It is important to strike a balance between the desire to prepare for the future and save versus the impulse to live for the present and enjoy earnings now
There’s no denying that we’re living in an age of instant gratification. We’re constantly told to “live the moment” without a thought of tomorrow. The problem is, tomorrow always comes, and we’re increasingly less prepared for it.
Retirement savings, for instance, are falling by the wayside. While we all imagine our golden years to be just that, golden, this requires long-term planning and foresight. Every day, we face tempting opportunities to spend money. A sea of indulgences can distract you from investing for your future. “Buy now!” “Pay after one year!” “Don’t pay interest for six months!” Everyone everywhere is urging you to spend, spend, spend. I’ve even seen a “Vacation now, pay later!” advertisement in the newspaper. But every money you spend now is a money in lost investment opportunities that could have grown a lot more in the long run.

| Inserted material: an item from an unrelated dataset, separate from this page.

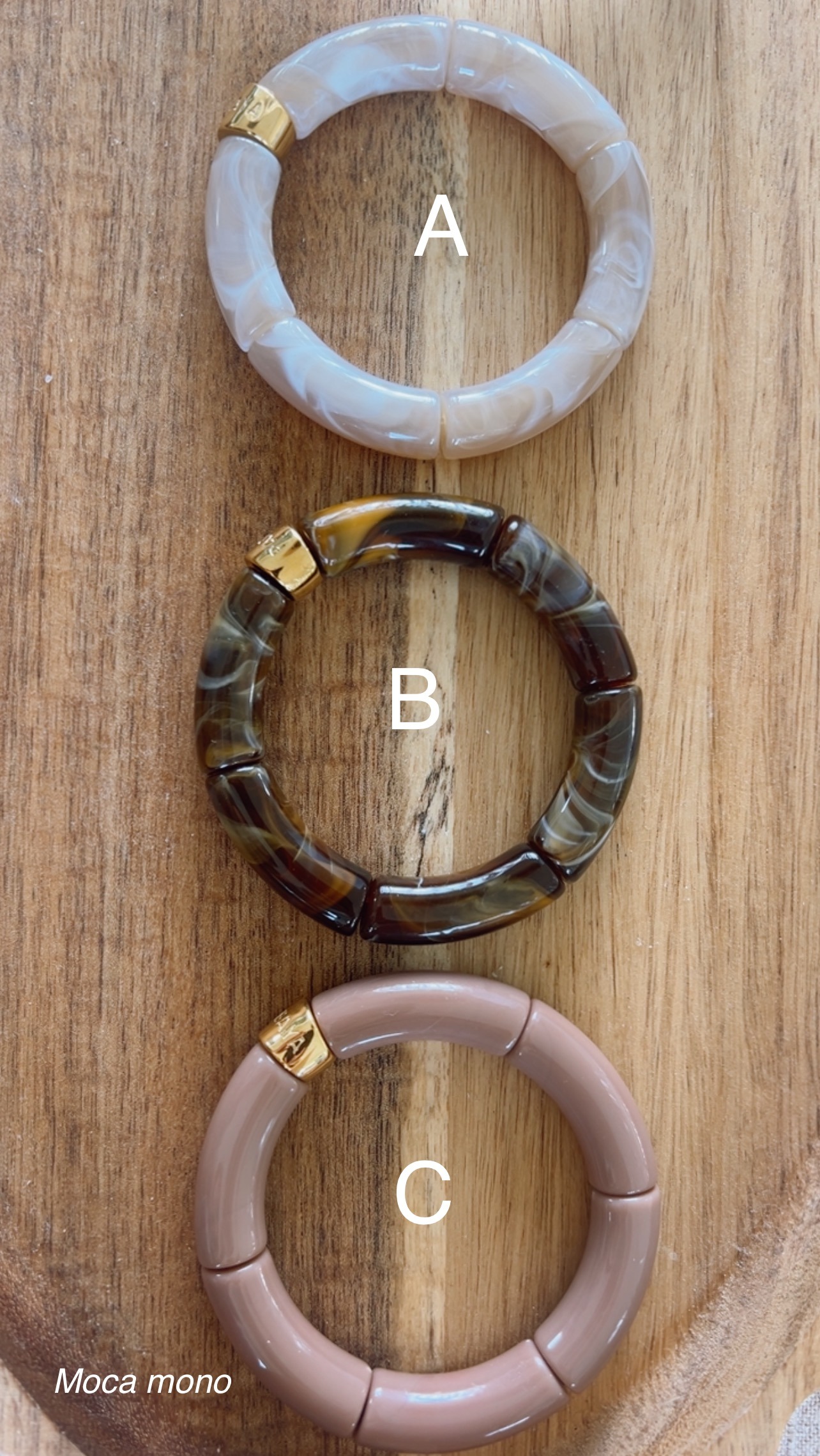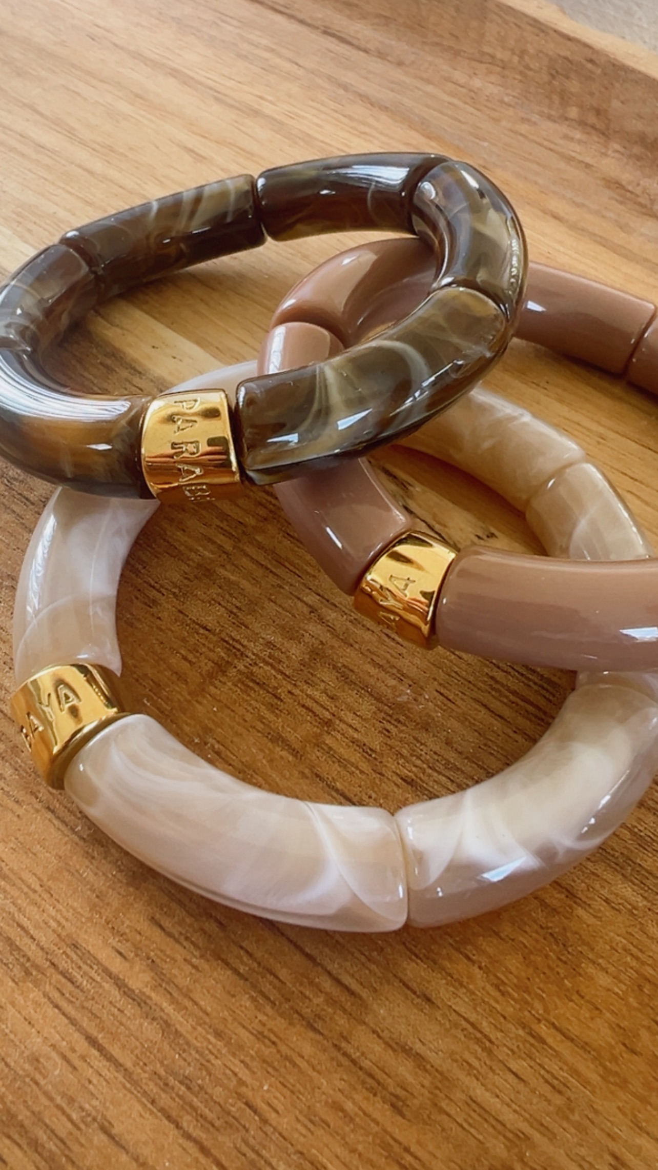 LES BRACELETS SONT COMPOSÉS DE 6 PERLES EN ACRYLIQUE OU RÉSINE DE TRÈS BELLE QUALITÉ ET UNE PERLE GRAVÉE PARABAYA EN ACIER DORÉ À L’OR FIN.

In my work with younger clients, that’s one of the main conflicts I see: The desire to prepare for the future and save versus the impulse to live for the present and enjoy earnings now. People know that nobody is promised a tomorrow, but they also don’t want to live out their retirement years with limited choices, or none at all.
So how can people strike a successful balance between these seemingly competing desires? Based on my work with financial planning clients, here’s my six-step plan:
Understand your cash flow.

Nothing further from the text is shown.